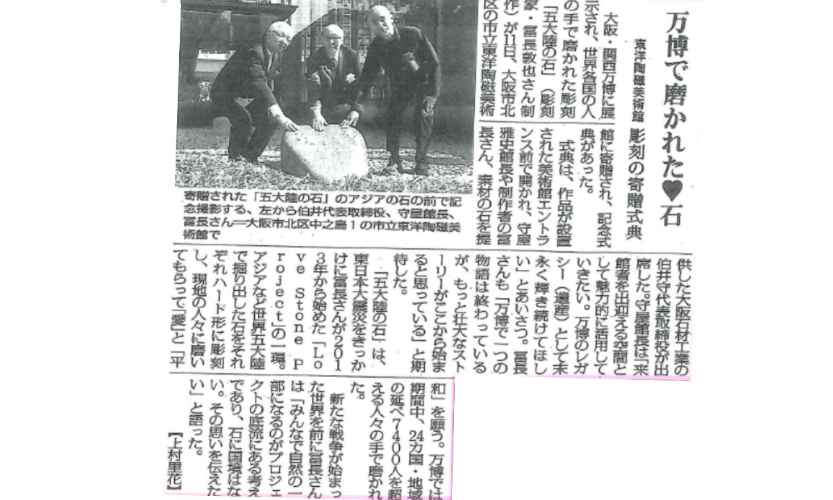 東大阪経済新聞に大阪・関西万博「LoveStoneProject」について掲載して頂きました。
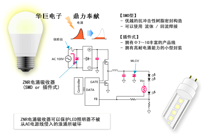 隨著LED顆粒成本的不斷降低,越來(lái)越多的LED燈具走入尋常百姓家,但是工頻用電網(wǎng)絡(luò)難免受到雷電及工業(yè)大功率器件啟動(dòng)和停止的影響,是的供電網(wǎng)絡(luò)電壓波動(dòng),從而引起LED的損壞,嚴(yán)重影響LED的使用壽命。使用華巨電子生產(chǎn)的具有過(guò)壓保護(hù)功能的壓敏電阻將是一個(gè)很好地低成本解決方案,華巨電子以其在壓敏電阻保護(hù)領(lǐng)域的經(jīng)驗(yàn)推薦客戶選用我的壓敏電阻作為L(zhǎng)ED浪涌防護(hù),防止LED被AC輸入端侵入的浪涌電流所破壞,考慮到現(xiàn)在LED燈具照明體積越來(lái)越小,越來(lái)越扁平化,華巨電子適時(shí)推出適合專門應(yīng)用于LED照明的大尺寸貼片壓敏電阻。
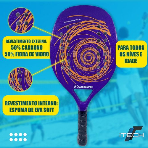 Apresentamos a raquete de beach tennis Camewin: leve, resistente e estilosa. Feita em fibra de carbono, oferece durabilidade e controle excepcionais.
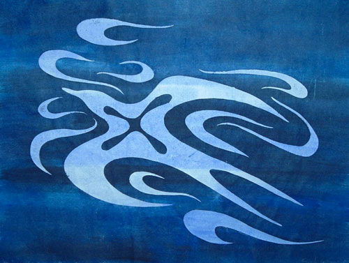 B2大ほどのサイズ。北斎が使った「ベロ藍」と同じような色の顔料を使用。一種類の顔料だけで色の深みがどれくらい出るものか実験した面もある。この顔料は染料のインド藍にも似た色で、薄く出せば爽やかな空色、濃く重ねれば深い宇宙の青が出る。最も気に入って多用している色。
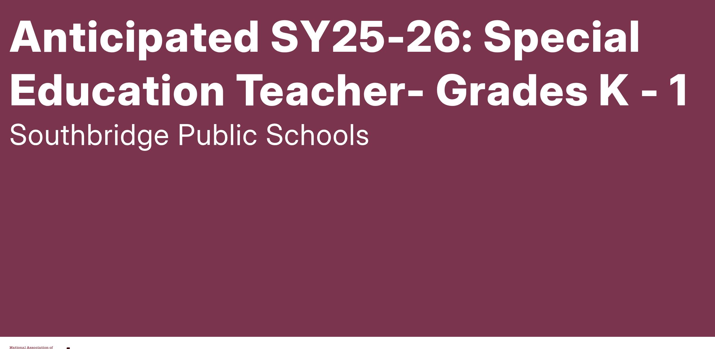 Southbridge Public Schools serve approximately 2,200 students in six schools. The district is presently undergoing extensive turnaround at all levels, with the assistance of the Massachusetts Department of Elementary and Secondary Education. This creates unique opportunities for teachers and students. One example is a recently announced, long-term partnership with the University of Connecticut to develop Southbridge Schools to be a national demonstration site for successful implementation of PBIS strategies. Additionally, our district is the recipient of a number of significant grants that are allowing us to creatively redesign Secondary School, curriculum enhancements, improved culture and climate and afterschool opportunities for students. If you feel strongly about improving the educational experience for students and have a commitment to social justice, Southbridge Public Schools welcomes you.
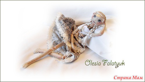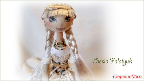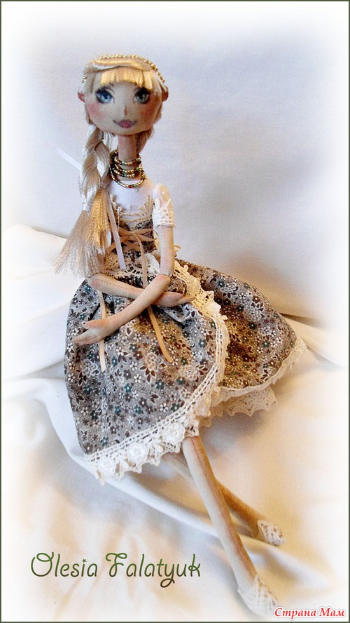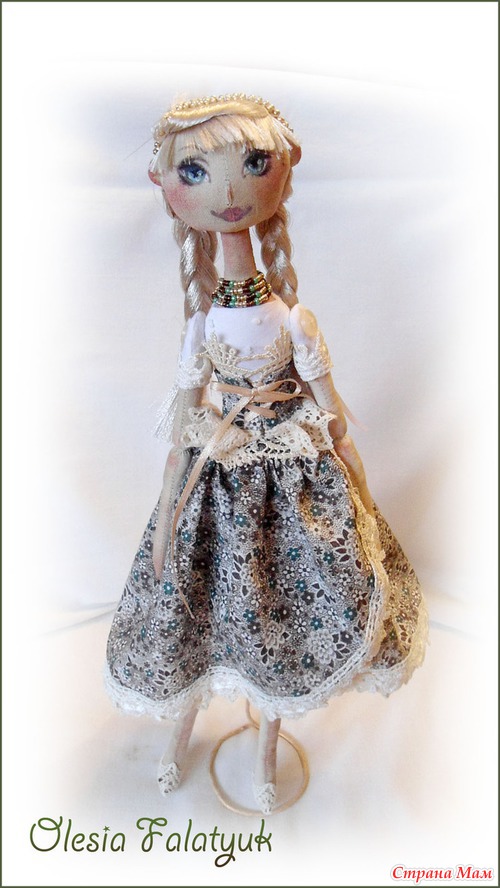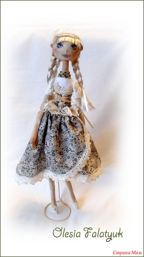 Кукла одета в пышную юбку, корсет и белую блузу. Для отделки использованы кружева, два вида. Бисер и ленты.
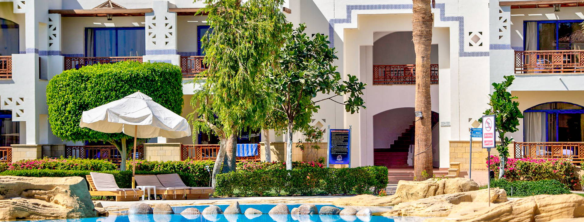 Hotel se nachází na malé soukromé hotelové pláži se vstupem do moře z mola, v blízkosti jednoho z nejkrásnějších korálových útesů v Šarm aš-Šajchu. Lehátka a slunečníky na pláži jsou k dispozici zdarma.
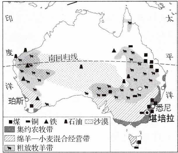 澳大利亚是世界上唯一独占一个大陆的国家,主要领土包括澳大利亚大陆、塔斯马尼亚岛和附近一些岛屿,澳大利亚自然环境独特,采矿业、农牧业发达。下图为澳大利亚牧羊带及矿产资源分布图。据此完成9~10题。

——————————

## ACTION ITEM:
Please give again, exactly and only, the lines from the top of the listing above through the line that has "Кукла одета в", with pictures left out.

## PROBLEM SOLUTION:
 東大阪経済新聞に大阪・関西万博「LoveStoneProject」について掲載して頂きました。
 隨著LED顆粒成本的不斷降低,越來(lái)越多的LED燈具走入尋常百姓家,但是工頻用電網(wǎng)絡(luò)難免受到雷電及工業(yè)大功率器件啟動(dòng)和停止的影響,是的供電網(wǎng)絡(luò)電壓波動(dòng),從而引起LED的損壞,嚴(yán)重影響LED的使用壽命。使用華巨電子生產(chǎn)的具有過(guò)壓保護(hù)功能的壓敏電阻將是一個(gè)很好地低成本解決方案,華巨電子以其在壓敏電阻保護(hù)領(lǐng)域的經(jīng)驗(yàn)推薦客戶選用我的壓敏電阻作為L(zhǎng)ED浪涌防護(hù),防止LED被AC輸入端侵入的浪涌電流所破壞,考慮到現(xiàn)在LED燈具照明體積越來(lái)越小,越來(lái)越扁平化,華巨電子適時(shí)推出適合專門應(yīng)用于LED照明的大尺寸貼片壓敏電阻。
 Apresentamos a raquete de beach tennis Camewin: leve, resistente e estilosa. Feita em fibra de carbono, oferece durabilidade e controle excepcionais.
 B2大ほどのサイズ。北斎が使った「ベロ藍」と同じような色の顔料を使用。一種類の顔料だけで色の深みがどれくらい出るものか実験した面もある。この顔料は染料のインド藍にも似た色で、薄く出せば爽やかな空色、濃く重ねれば深い宇宙の青が出る。最も気に入って多用している色。
 Southbridge Public Schools serve approximately 2,200 students in six schools. The district is presently undergoing extensive turnaround at all levels, with the assistance of the Massachusetts Department of Elementary and Secondary Education. This creates unique opportunities for teachers and students. One example is a recently announced, long-term partnership with the University of Connecticut to develop Southbridge Schools to be a national demonstration site for successful implementation of PBIS strategies. Additionally, our district is the recipient of a number of significant grants that are allowing us to creatively redesign Secondary School, curriculum enhancements, improved culture and climate and afterschool opportunities for students. If you feel strongly about improving the educational experience for students and have a commitment to social justice, Southbridge Public Schools welcomes you.
 Кукла одета в пышную юбку, корсет и белую блузу. Для отделки использованы кружева, два вида. Бисер и ленты.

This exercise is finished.